La suspension de l’exemption de visa pour les passeports diplomatiques algériens marque un tournant dans les relations franco-algériennes. L’Élysée met fin à une complaisance jugée obsolète, sur fond d’irritants bilatéraux persistants et d’une dérive autoritaire à Alger.
Les privilèges diplomatiques dont jouissaient jusqu’alors les détenteurs de passeports officiels algériens en France appartiennent désormais au passé. Dans une lettre adressée le 6 août 2025 à son Premier ministre François Bayrou, le président Emmanuel Macron a ordonné la suspension formelle de l’accord bilatéral de 2013 qui exemptait de visa les titulaires de passeports diplomatiques et de service algériens. Une mesure d’apparence technique, mais à forte portée symbolique, qui reflète une inflexion stratégique dans l’attitude de Paris vis-à-vis d’Alger.
Le chef de l’État français évoque dans sa missive la nécessité de faire preuve de « fermeté » et de « cohérence » à l’égard d’un régime accusé d’entraver la liberté d’expression, d’entretenir une hostilité larvée envers la France, tout en continuant de tirer profit d’avantages protocolaires hérités d’une relation asymétrique d’un autre âge.
La décision ne résulte pas d’un simple différend consulaire, mais d’un faisceau de tensions accumulées au fil des mois, nourries par les postures rigides du pouvoir algérien et la crispation croissante de l’opinion française face à l’ambiguïté entretenue par Alger.
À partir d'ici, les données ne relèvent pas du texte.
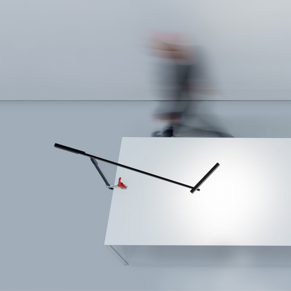 Besides being a perfect lighting tool, it is also ready-made. The oversized workshop-style clamp allows the light source to be positioned far from where the lamp is attached to the table, using three adjustable arms. A table lamp, but at the same time a very lightweight, suspended light.

Elle intervient dans un climat de refroidissement diplomatique prolongé, déjà marqué par la diminution des flux de visas ordinaires depuis 2021, la multiplication des incidents protocolaires et les déclarations hostiles de responsables algériens à l’encontre de la France.
Le traitement infligé à l’écrivain Boualem Sansal, persona non grata dans son propre pays en raison de ses critiques à l’égard du régime, et les pressions exercées sur le journaliste Christophe Gleizes, régulièrement empêché de travailler sur le territoire algérien, ont achevé de convaincre l’Élysée de la vacuité d’un dialogue basé sur la bienveillance. En s’affranchissant de l’accord de 2013, Paris ne fait pas qu’envoyer un signal fort : elle rompt avec une complaisance structurelle vis-à-vis d’un pouvoir qu’elle juge désormais peu fiable et toxique.
La fin d’un privilège à sens unique
Signé en 2013 sous la présidence de François Hollande, l’accord suspendu permettait aux hauts fonctionnaires, diplomates et titulaires de passeports spéciaux algériens de circuler librement sur le territoire français sans visa préalable. Un régime dérogatoire qui tranchait avec le traitement réservé aux citoyens algériens ordinaires, souvent confrontés à des obstacles bureaucratiques et à des taux de refus élevés.
Cette dissymétrie suscitait des interrogations croissantes dans les cercles politiques français, y compris dans les rangs centristes et sociaux-démocrates. Elle apparaissait d’autant plus injustifiable que certains bénéficiaires de cette exemption, issus des appareils sécuritaires ou politiques algériens, ont été impliqués dans des affaires de malversations ou soupçonnés d’activités de surveillance sur le sol français.
Derrière le geste technique se profile donc un message politique : la France ne souhaite plus servir de refuge ou de base arrière à une élite algérienne en perte de légitimité, mais toujours prompte à instrumentaliser son accès privilégié au territoire européen.
La suspension de l’exemption de visa diplomatique pourrait annoncer d’autres révisions dans la relation bilatérale. Elle s’inscrit dans une série de décisions visant à reconfigurer les rapports avec les anciennes puissances postcoloniales dans une optique plus équilibrée. La logique de réparations mémorielles unilatérales semble avoir atteint ses limites ; le discours français se fait désormais plus pragmatique, moins sentimental.
Il reste à savoir si cette inflexion débouchera sur une recomposition en profondeur ou sur une détérioration durable des liens franco-algériens. Dans l’immédiat, Alger devrait réagir avec virulence, dénonçant une nouvelle « provocation » française. Mais la décision de Paris pourrait aussi être perçue dans les cercles diplomatiques comme un ajustement salutaire face à un partenaire de moins en moins aligné sur les valeurs européennes, et de plus en plus en rupture avec les standards démocratiques.